*WHAT THE EXERCISE ASKS*. Beginning with the line that holds "Predsjednica RH Kolinda" in the data below, give again every line through the one that holds "prideđivanje svečanosti na", exactly as written.

*DATA RECORDS*.
######

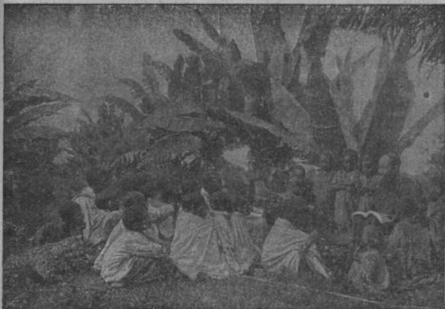
Afrikanski misijonar vči katekizem pod milim nebom.

i posebno med afrikanskimi siromaki je pa to, ka so naši siromaki v dūši bogati i v veri tolažbo lahko najdejo, siromaki Afrike so pa poganje i vūra svetlosti ne bo za nje prle bila, kak kda glāsitelje evangelija k njim pridejo. Če v svetlobi večnosti gledamo to reč, od pravoga siromaštva samo tam smemo gučati, kje prava, nadnaravna (višenaturna) vrednost menjka. Pri nas doma si samo tisti pogūbi dūšo, ki si jo šče, v Afriki si jo pa siromaški pogan zato pogūbi, ka ne pozna evangelija.
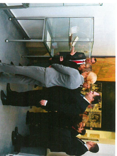
Predsjednica RH Kolinda Grabar Kitarović sa suprugom razgleda izložbu knjiga iz isusovačke knjižnice

prideđivanje svečanosti na samu obječnicu 23. studenoga i priređivanje izložbe primjeraka iz fonda riječke isusovačke knjižnice u tri inačice (fizička izložba knjiga, izložba na webu knjižnice i izložba plakata na Korzu).
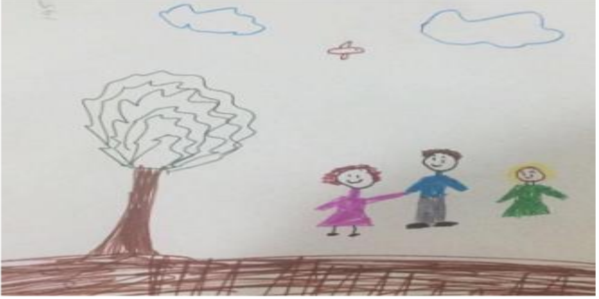
Resim 3. (Kod 195) "Hastaneye babamla gelmek istiyorum, ama serviste babaların kalması yasak. Serviste bizimle ilgilenen sarı saçlı çok sinirli bir hemşire var."
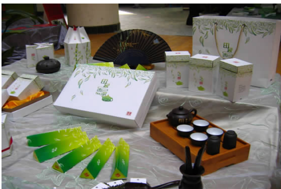
印象西湖“龙井”茶包装设计推广设计 06 广告 A 班 屠晓芸 指导教师:郭恩文

######

*PROBLEM SOLUTION*.
Predsjednica RH Kolinda Grabar Kitarović sa suprugom razgleda izložbu knjiga iz isusovačke knjižnice

prideđivanje svečanosti na samu obječnicu 23. studenoga i priređivanje izložbe primjeraka iz fonda riječke isusovačke knjižnice u tri inačice (fizička izložba knjiga, izložba na webu knjižnice i izložba plakata na Korzu).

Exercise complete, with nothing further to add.